*What you will do*. Pictures in the entries below are excluded; copy only the lines from the one containing "Make your plates, utensils, and" to the one containing "basin and tap", both included.

*Data for the task*.
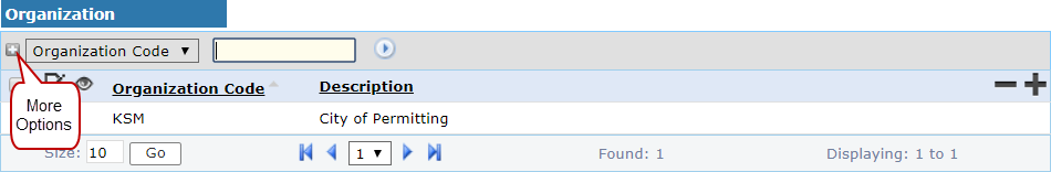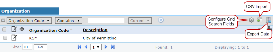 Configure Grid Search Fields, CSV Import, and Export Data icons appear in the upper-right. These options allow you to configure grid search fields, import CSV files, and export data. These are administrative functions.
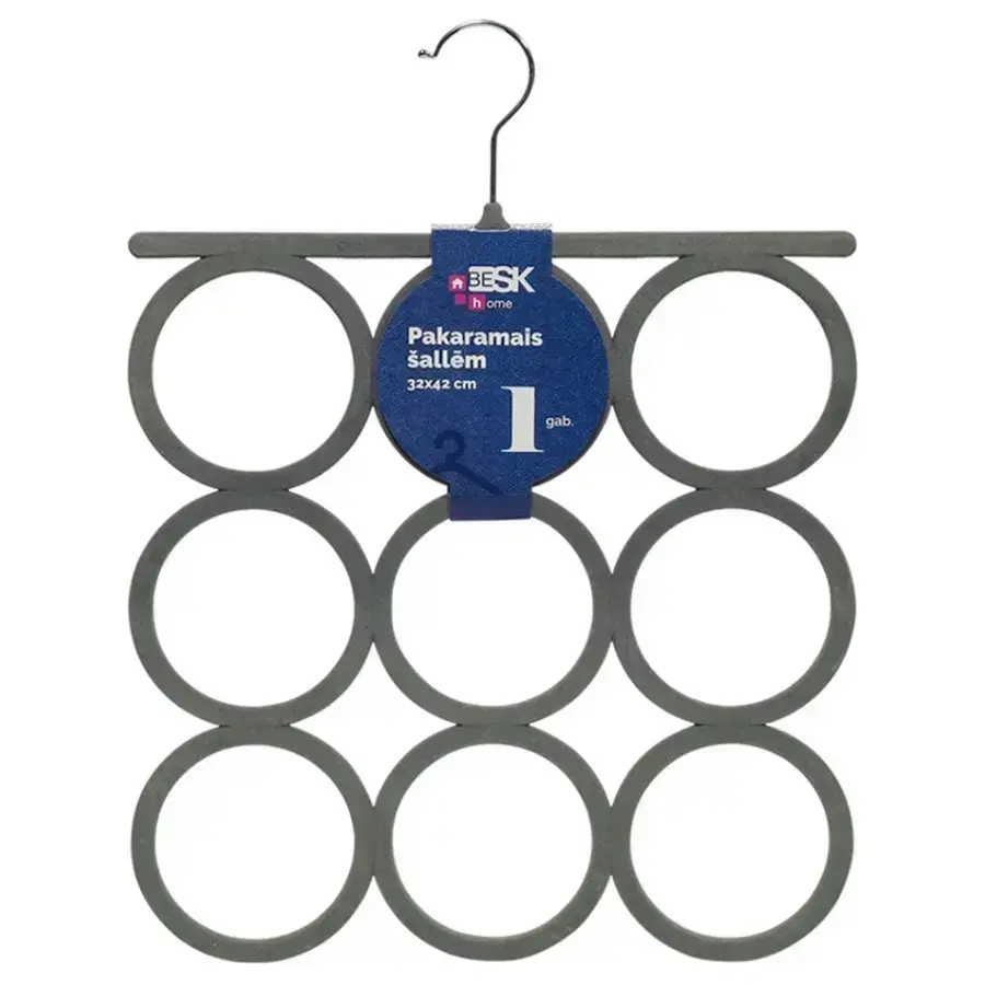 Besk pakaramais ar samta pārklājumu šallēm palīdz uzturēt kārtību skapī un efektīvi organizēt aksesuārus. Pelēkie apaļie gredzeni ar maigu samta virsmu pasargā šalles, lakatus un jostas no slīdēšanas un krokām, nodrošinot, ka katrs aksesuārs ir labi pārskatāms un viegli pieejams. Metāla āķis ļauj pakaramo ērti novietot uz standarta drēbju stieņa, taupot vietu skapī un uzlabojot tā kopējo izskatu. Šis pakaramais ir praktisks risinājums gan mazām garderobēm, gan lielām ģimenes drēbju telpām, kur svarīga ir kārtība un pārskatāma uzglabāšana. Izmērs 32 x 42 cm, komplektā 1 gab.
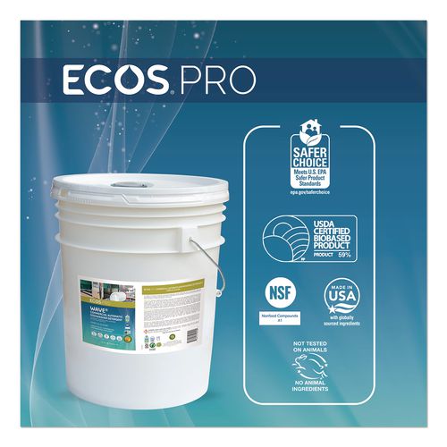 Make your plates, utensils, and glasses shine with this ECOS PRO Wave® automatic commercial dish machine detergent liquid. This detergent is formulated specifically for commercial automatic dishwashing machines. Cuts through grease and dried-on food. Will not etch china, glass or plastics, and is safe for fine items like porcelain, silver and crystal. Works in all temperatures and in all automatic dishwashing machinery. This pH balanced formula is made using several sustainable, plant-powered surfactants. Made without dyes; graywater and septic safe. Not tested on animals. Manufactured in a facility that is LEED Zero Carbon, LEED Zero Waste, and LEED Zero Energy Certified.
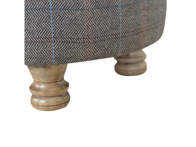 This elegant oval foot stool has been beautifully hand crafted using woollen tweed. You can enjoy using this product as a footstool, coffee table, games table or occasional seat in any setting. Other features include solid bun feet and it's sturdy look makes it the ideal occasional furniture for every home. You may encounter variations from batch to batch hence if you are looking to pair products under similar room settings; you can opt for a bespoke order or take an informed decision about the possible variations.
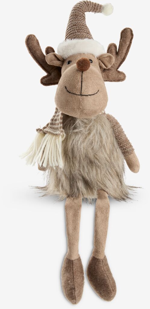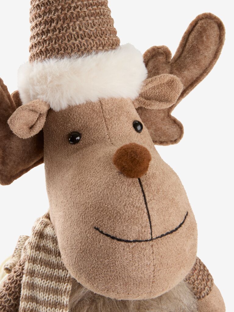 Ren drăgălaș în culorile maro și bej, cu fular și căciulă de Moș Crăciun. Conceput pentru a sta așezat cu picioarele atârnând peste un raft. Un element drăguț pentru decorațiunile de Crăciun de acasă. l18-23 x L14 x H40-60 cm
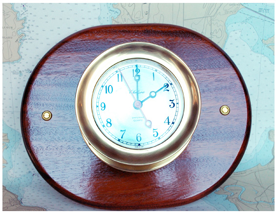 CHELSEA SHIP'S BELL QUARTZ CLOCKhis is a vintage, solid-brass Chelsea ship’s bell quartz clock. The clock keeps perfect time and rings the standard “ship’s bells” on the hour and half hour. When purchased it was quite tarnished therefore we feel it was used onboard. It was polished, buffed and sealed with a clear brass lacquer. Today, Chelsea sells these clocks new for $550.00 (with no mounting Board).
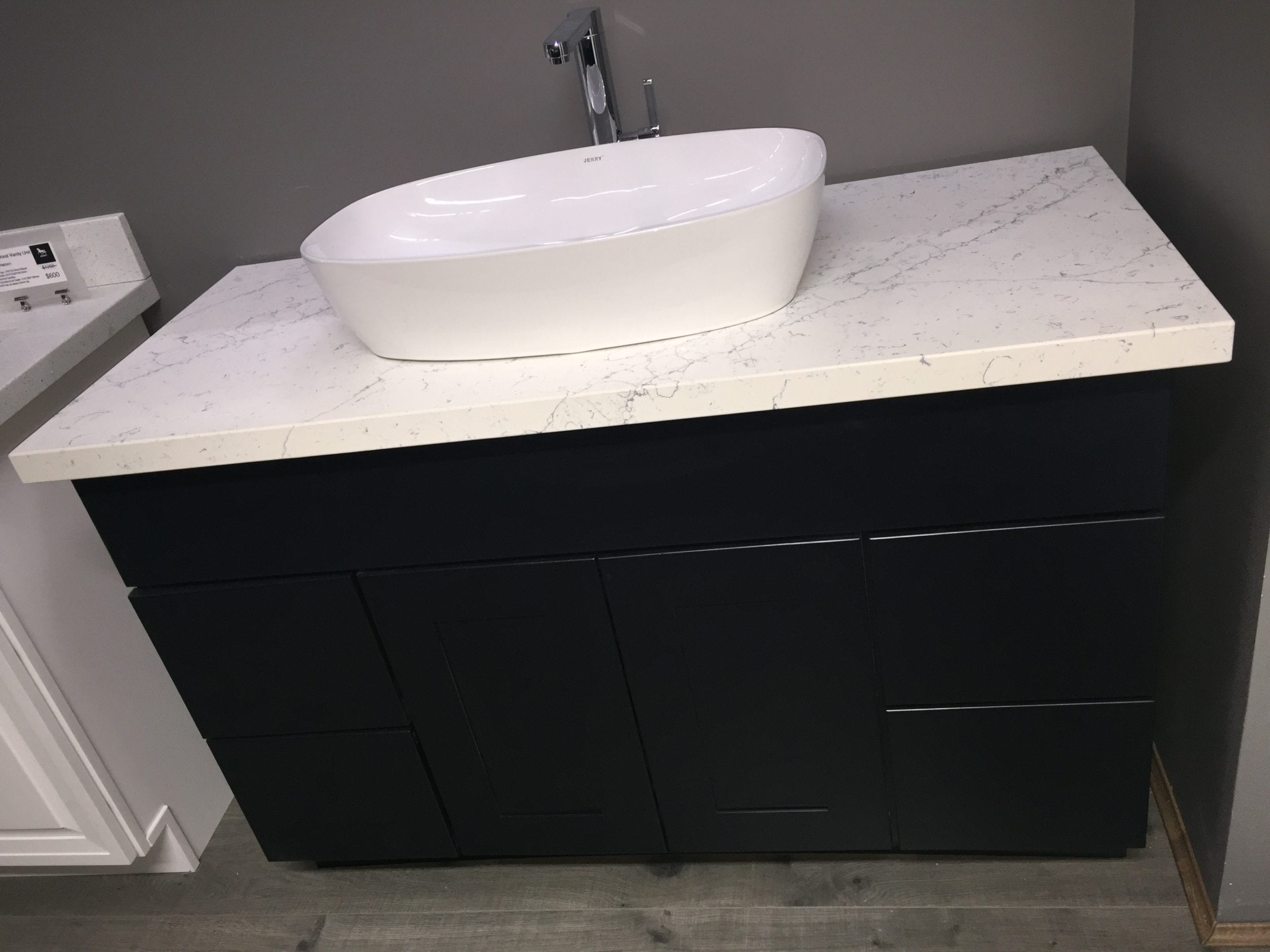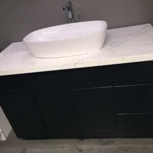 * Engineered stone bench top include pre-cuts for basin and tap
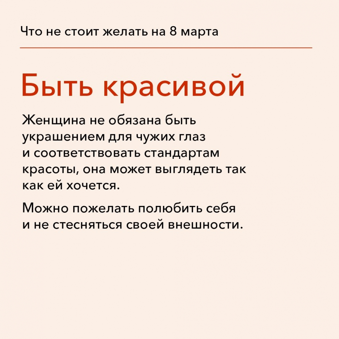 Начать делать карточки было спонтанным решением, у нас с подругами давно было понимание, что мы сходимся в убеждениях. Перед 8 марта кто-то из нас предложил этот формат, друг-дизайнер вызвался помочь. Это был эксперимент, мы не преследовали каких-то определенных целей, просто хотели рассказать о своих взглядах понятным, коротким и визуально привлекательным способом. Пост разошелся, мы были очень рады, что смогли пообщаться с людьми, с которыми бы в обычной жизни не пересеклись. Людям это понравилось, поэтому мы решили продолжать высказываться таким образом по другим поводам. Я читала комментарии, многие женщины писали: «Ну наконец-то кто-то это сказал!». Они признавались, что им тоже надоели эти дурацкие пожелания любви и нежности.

*Answer for the task*.
 Make your plates, utensils, and glasses shine with this ECOS PRO Wave® automatic commercial dish machine detergent liquid. This detergent is formulated specifically for commercial automatic dishwashing machines. Cuts through grease and dried-on food. Will not etch china, glass or plastics, and is safe for fine items like porcelain, silver and crystal. Works in all temperatures and in all automatic dishwashing machinery. This pH balanced formula is made using several sustainable, plant-powered surfactants. Made without dyes; graywater and septic safe. Not tested on animals. Manufactured in a facility that is LEED Zero Carbon, LEED Zero Waste, and LEED Zero Energy Certified.
 This elegant oval foot stool has been beautifully hand crafted using woollen tweed. You can enjoy using this product as a footstool, coffee table, games table or occasional seat in any setting. Other features include solid bun feet and it's sturdy look makes it the ideal occasional furniture for every home. You may encounter variations from batch to batch hence if you are looking to pair products under similar room settings; you can opt for a bespoke order or take an informed decision about the possible variations.
 Ren drăgălaș în culorile maro și bej, cu fular și căciulă de Moș Crăciun. Conceput pentru a sta așezat cu picioarele atârnând peste un raft. Un element drăguț pentru decorațiunile de Crăciun de acasă. l18-23 x L14 x H40-60 cm
 CHELSEA SHIP'S BELL QUARTZ CLOCKhis is a vintage, solid-brass Chelsea ship’s bell quartz clock. The clock keeps perfect time and rings the standard “ship’s bells” on the hour and half hour. When purchased it was quite tarnished therefore we feel it was used onboard. It was polished, buffed and sealed with a clear brass lacquer. Today, Chelsea sells these clocks new for $550.00 (with no mounting Board).
 * Engineered stone bench top include pre-cuts for basin and tap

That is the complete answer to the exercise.